Message par Cocotier le Mer 8 Jan - 18:11

Bartók est véritablement le compositeur qui m'a ouvert l'accès au répertoire contemporain dès mon plus jeune âge. Parmi les innombrables curiosités qui émaillent son œuvre, j'ai toujours eu un faible pour l'étonnante introduction des cordes au 2ème mouvement (adagio) du Concerto pour piano n° 2 qui se développe sur 26 mesures avant l'attaque du piano proprement dit. Ce magnifique thème est renouvelé à plusieurs reprises dans ce mouvement comme pour en souligner l'étrangeté. On aura une idée de ce que ça donne avec la vidéo suivante, empruntée à YouTube :



Il est intéressant de voir ce qui se passe au niveau de la partition au moyen de la figure ci-dessous qui reproduit les 14 premières mesures:



Qu'observe-t-on sur cette partition? Tout d'abord, la blanche de la première mesure consiste en un étonnant empilement de 5 quintes justes fa-do-sol-ré-la-mi*. Ensuite, les 3 voix des violons 1 et 2 soutiennent la mélodie selon un empilement de 2 quintes justes alors que les voix des autres instruments évoluent selon un mouvement contraire. Il en résulte une dissonance légère et une atmosphère à la fois planante et mystérieuse dont je n'ai pas trouvé d'équivalent chez d'autres compositeurs (Berg excepté, peut-être).

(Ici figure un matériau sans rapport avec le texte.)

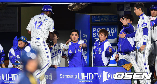 7회말 2사 1,2루에서 삼성 김태완의 좌전 적시타때 홈을 밟은 2루주자 나바로가 더그아웃에서 동료들과 환호하고 있다.

Accessoirement, il s'agit d'un superbe exemple de quintes parallèles, structure assez largement réprouvée par les tenants de l'orthodoxie musicale. Evidemment, cela fait sourire aujourd'hui et j'aimerais citer cette anecdote vécue par Xenakis lors de son passage au Conservatoire de Paris dans la classe du prestigieux Arthur Honegger :
« Comme Honegger demandait de temps en temps à ses élèves de lui présenter une composition, mon tour a fini par venir. J'ai joué ma composition au piano. Soudain, il m'interrompit: « Mais il y a des quintes et des octaves parallèles, cela ne doit pas se faire.» Et comme je lui répondais: « Peut-être, mais cela me plaît », il s'est mis en colère: « Il n'y a rien de musical là-dedans. Peut-être dans les trois premières mesures et encore ... » Je n'ai plus jamais revu Honegger. Je suis alors allé dans la classe de Messiaen après un bref passage chez Nadia Boulanger »**.

En me concentrant sur ce petit passage, j'en oublie presque de dire tout le bien que je pense de ce magnifique concerto (et de la musique de Bartók en général).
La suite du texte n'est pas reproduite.